YOUR TASK -
Leaving out every picture, copy the lines of the material below exactly, from the line containing "Estos implantes análogos" through the line containing "Obsahuje barevné průhledné".

[INPUT MATERIAL Boundary: Start]

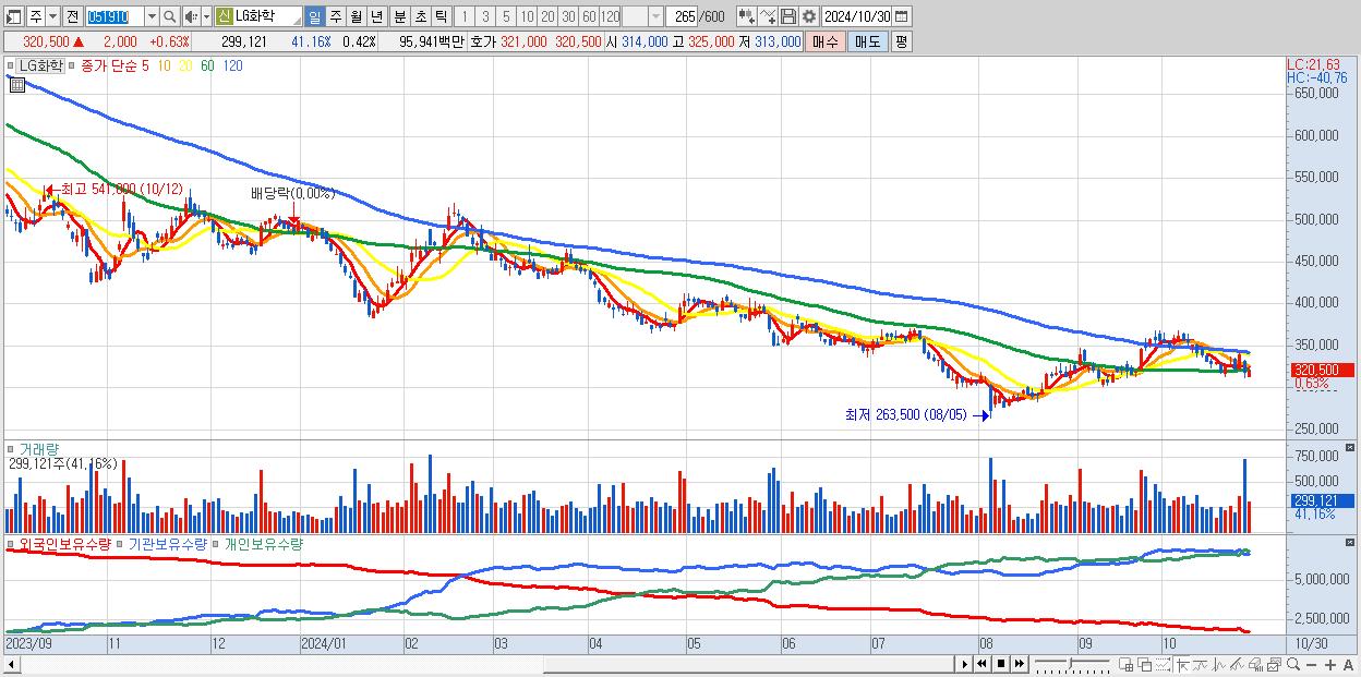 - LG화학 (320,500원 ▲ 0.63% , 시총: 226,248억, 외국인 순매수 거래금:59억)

[INPUT MATERIAL Boundary: End]
[INPUT MATERIAL Boundary: Start]

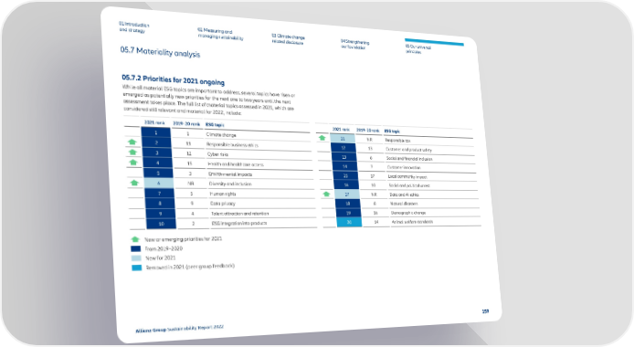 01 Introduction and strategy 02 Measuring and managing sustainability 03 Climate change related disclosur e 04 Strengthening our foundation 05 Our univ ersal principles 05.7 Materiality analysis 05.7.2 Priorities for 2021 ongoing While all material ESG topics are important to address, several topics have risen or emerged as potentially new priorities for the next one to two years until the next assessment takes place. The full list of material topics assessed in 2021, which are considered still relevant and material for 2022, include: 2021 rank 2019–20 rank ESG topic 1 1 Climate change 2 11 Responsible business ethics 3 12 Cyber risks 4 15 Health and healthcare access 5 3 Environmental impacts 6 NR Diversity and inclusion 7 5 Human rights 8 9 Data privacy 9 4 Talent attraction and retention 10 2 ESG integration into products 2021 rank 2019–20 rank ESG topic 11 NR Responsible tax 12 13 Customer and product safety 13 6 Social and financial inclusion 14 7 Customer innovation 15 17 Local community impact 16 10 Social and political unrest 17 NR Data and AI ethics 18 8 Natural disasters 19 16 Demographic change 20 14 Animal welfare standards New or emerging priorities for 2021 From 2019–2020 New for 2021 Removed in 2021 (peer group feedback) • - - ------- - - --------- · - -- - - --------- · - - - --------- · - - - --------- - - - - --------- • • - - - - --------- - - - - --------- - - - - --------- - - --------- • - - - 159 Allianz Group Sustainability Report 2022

[INPUT MATERIAL Boundary: End]
[INPUT MATERIAL Boundary: Start]

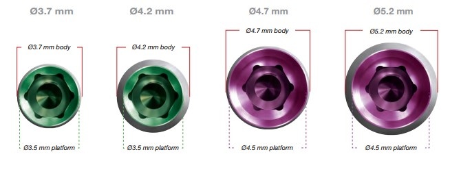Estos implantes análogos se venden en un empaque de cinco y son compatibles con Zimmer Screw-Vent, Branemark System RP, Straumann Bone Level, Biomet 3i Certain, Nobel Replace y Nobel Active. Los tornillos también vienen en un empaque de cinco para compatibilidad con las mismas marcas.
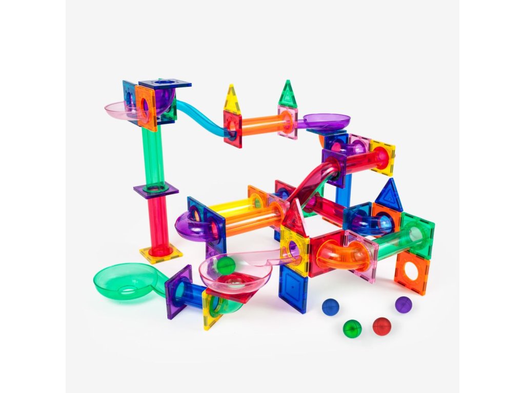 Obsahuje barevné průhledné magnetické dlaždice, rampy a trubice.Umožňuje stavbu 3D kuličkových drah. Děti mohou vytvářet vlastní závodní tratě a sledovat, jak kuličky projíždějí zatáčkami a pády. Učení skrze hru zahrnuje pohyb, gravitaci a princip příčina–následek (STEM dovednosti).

[INPUT MATERIAL Boundary: End]

ANSWER TO THIS TASK -
Estos implantes análogos se venden en un empaque de cinco y son compatibles con Zimmer Screw-Vent, Branemark System RP, Straumann Bone Level, Biomet 3i Certain, Nobel Replace y Nobel Active. Los tornillos también vienen en un empaque de cinco para compatibilidad con las mismas marcas.
 Obsahuje barevné průhledné magnetické dlaždice, rampy a trubice.Umožňuje stavbu 3D kuličkových drah. Děti mohou vytvářet vlastní závodní tratě a sledovat, jak kuličky projíždějí zatáčkami a pády. Učení skrze hru zahrnuje pohyb, gravitaci a princip příčina–následek (STEM dovednosti).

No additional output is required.